Like a constantly receding horizon, the target date is reset at every fiscal event, with the result that the future never arrives, making the rule the very embodiment of the St Augustinian prayer – please make me chaste, but not yet.
By promising to do painful things in the future that in practice never get done, the rules are easily gamed. The letter of the rules can also be met by sleight of hand – one-off policy actions, such as the sale of the student loan book, which do nothing to improve debt sustainability.
When the debt rule is met, the difference is banked and spent, and when it is not, it is simply changed to accommodate whatever it is the Government wants to do.
So no doubt about it, the system does need to be rethought. As widely suggested, reintroducing a form of Gordon Brown’s “golden rule”, under which borrowing for public investment would be treated differently from borrowing for current spending, makes some sense.
Part of Britain’s productivity problem is that it has some of the lowest levels of investment, both public and private, in the OECD. All UK governments promise to do something about this deficiency, but none in recent times has made much progress.
In any case, as pointed out by a group of economists in a letter to the Financial Times this week, the current fiscal framework conspires to support short-term thinking and creates an in-built bias against investment.
In fiscally constrained times, governments typically choose to cut investment rather than welfare. If investment was ring-fenced for borrowing purposes, it might protect capital spending, which would help long-term growth.
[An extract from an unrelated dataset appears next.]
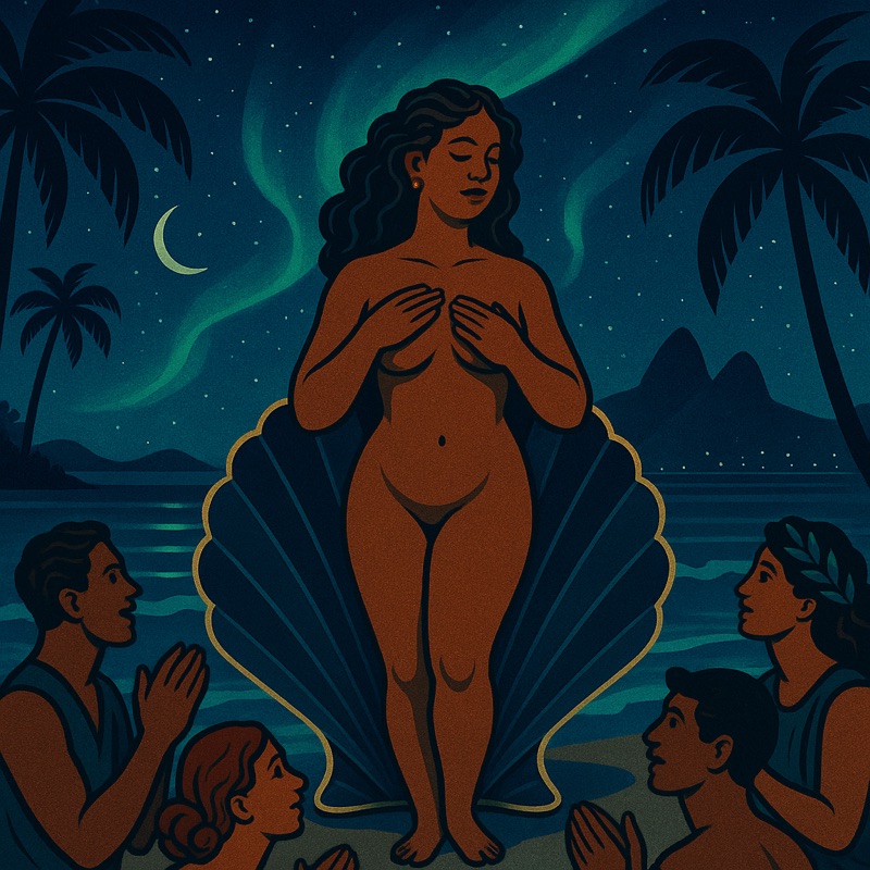 Collaborative digital artwork with AI, inspired by Botticelli’s Birth of Venus.

This would in turn support debt sustainability, since by facilitating an increase in growth it would increase the denominator in the debt-to-GDP ratio. That’s the idea, in any case.
Whether this is what would happen in practice is another matter. You only need to look at the vast overspends on HS2 and Hinkley Point C – the first of which is being paid for directly by the taxpayer and the second of which is essentially underwritten by the public purse – to see that not all investment is necessarily a good use of money. Much of it is just pork barrel politics, plain and simple.
Besides, rules designed to protect investment through the cycle tend to get ditched anyway whenever backs are against the wall. For instance, Brown’s golden rule did nothing to prevent Labour taking the axe to capital spending budgets in the wake of the financial crisis.
Would the new Government be prepared to run a surplus on current spending in order to pay for enhanced borrowing for investment? You can bet your boots it would not. The decision to cave into a tsunami of public sector pay demands tells you exactly where its priorities lie.
Fiscal rules come and go, but in the end, says Robert Chote, former head of both the Institute for Fiscal Studies and the OBR, actions speak louder than rules when it comes to fiscal credibility; in order to be confident of debt sustainability, what the markets need to know most is that, when push comes to shove, the Government is prepared to do unpopular things.
Abolition of the universal winter fuel allowance should very much be seen in that context. It doesn’t save a lot of money, but in stirring a backbench rebellion which is then faced down, it signals political backbone.
Yet it is also something of a charade. Thus far, there has been no serious attempt by the Government to confront the reality of its disposition. Having ruled out any increase in the main sources of taxation, it has no answers as to how it is going to finance the myriad public spending pressures now building up in the system. From defence to healthcare and dilapidated infrastructure, each of them demand an extra one to two percentage points of GDP in spending.
Further reforming the fiscal rules may have merit, but it’s no panacea.
Ultimately, there is only one parameter that really matters when it comes to debt sustainability – that over time, government spending, whether it be current or investment, always grows less strongly than the economy.
Good luck in pursuit of this nirvana, Chancellor – you’ll need it.